(Stored records)
BEGIN

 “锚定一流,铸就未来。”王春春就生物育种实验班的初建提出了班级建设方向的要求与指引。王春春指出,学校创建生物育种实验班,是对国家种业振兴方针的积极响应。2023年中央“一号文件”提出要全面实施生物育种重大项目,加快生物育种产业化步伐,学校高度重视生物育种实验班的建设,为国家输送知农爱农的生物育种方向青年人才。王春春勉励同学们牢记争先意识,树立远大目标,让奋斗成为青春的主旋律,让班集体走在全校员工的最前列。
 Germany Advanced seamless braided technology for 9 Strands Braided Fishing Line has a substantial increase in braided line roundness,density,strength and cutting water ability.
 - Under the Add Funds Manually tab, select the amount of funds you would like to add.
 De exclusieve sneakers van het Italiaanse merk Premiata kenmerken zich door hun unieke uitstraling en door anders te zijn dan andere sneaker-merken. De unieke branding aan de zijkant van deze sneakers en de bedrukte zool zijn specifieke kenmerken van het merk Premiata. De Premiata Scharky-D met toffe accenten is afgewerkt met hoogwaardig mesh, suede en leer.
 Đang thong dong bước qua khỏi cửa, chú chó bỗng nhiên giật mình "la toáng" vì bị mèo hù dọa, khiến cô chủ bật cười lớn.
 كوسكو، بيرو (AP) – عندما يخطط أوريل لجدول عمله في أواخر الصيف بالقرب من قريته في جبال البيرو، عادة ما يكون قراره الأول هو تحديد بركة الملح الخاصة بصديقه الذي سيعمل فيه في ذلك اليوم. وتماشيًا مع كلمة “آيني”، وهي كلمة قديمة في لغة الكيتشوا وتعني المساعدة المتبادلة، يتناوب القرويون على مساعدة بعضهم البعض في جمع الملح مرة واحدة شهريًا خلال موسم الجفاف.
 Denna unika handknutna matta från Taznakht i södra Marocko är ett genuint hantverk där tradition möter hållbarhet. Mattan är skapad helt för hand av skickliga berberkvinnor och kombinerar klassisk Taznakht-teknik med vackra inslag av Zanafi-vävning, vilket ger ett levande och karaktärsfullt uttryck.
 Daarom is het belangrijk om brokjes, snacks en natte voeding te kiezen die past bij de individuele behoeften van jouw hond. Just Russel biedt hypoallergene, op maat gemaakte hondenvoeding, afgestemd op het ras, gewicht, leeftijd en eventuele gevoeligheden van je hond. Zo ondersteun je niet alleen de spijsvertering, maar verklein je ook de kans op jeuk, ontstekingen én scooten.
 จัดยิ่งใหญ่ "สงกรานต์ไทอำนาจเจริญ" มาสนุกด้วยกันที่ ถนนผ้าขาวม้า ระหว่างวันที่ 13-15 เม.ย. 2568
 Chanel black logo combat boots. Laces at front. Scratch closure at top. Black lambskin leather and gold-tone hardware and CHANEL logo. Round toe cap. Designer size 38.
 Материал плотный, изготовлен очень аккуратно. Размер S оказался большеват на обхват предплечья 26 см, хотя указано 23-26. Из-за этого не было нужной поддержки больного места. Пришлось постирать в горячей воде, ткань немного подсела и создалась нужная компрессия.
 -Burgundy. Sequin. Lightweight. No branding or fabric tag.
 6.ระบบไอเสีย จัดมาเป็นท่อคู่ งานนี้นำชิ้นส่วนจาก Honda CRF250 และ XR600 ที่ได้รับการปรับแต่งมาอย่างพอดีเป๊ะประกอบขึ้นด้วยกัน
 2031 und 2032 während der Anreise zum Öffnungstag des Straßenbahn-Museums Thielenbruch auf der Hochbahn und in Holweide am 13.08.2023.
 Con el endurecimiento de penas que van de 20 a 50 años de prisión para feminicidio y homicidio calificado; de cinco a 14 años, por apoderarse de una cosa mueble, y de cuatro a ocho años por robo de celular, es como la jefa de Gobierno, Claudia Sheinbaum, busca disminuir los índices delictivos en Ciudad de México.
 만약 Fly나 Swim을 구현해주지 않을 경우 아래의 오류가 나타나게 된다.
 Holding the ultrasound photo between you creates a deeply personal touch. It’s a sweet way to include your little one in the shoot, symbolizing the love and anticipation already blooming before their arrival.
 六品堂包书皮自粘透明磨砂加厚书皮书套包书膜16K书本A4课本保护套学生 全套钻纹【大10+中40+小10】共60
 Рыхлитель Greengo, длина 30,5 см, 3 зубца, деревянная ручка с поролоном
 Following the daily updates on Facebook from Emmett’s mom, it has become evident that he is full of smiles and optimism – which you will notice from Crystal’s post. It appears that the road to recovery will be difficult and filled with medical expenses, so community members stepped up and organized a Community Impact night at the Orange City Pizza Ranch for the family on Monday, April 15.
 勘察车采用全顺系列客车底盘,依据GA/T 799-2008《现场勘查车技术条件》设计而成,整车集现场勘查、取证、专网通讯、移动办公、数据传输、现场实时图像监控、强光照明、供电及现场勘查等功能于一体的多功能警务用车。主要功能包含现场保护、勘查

END

# Task to carry out
Beginning with the line that has "13-15 เม.ย. 2568" and ending with the line that has "6.ระบบไอเสีย จัดมาเป็นท่อคู่ งานนี้นำชิ้นส่วนจาก", set down the lines above exactly and include no others.

# Answer area
 จัดยิ่งใหญ่ "สงกรานต์ไทอำนาจเจริญ" มาสนุกด้วยกันที่ ถนนผ้าขาวม้า ระหว่างวันที่ 13-15 เม.ย. 2568
 Chanel black logo combat boots. Laces at front. Scratch closure at top. Black lambskin leather and gold-tone hardware and CHANEL logo. Round toe cap. Designer size 38.
 Материал плотный, изготовлен очень аккуратно. Размер S оказался большеват на обхват предплечья 26 см, хотя указано 23-26. Из-за этого не было нужной поддержки больного места. Пришлось постирать в горячей воде, ткань немного подсела и создалась нужная компрессия.
 -Burgundy. Sequin. Lightweight. No branding or fabric tag.
 6.ระบบไอเสีย จัดมาเป็นท่อคู่ งานนี้นำชิ้นส่วนจาก Honda CRF250 และ XR600 ที่ได้รับการปรับแต่งมาอย่างพอดีเป๊ะประกอบขึ้นด้วยกัน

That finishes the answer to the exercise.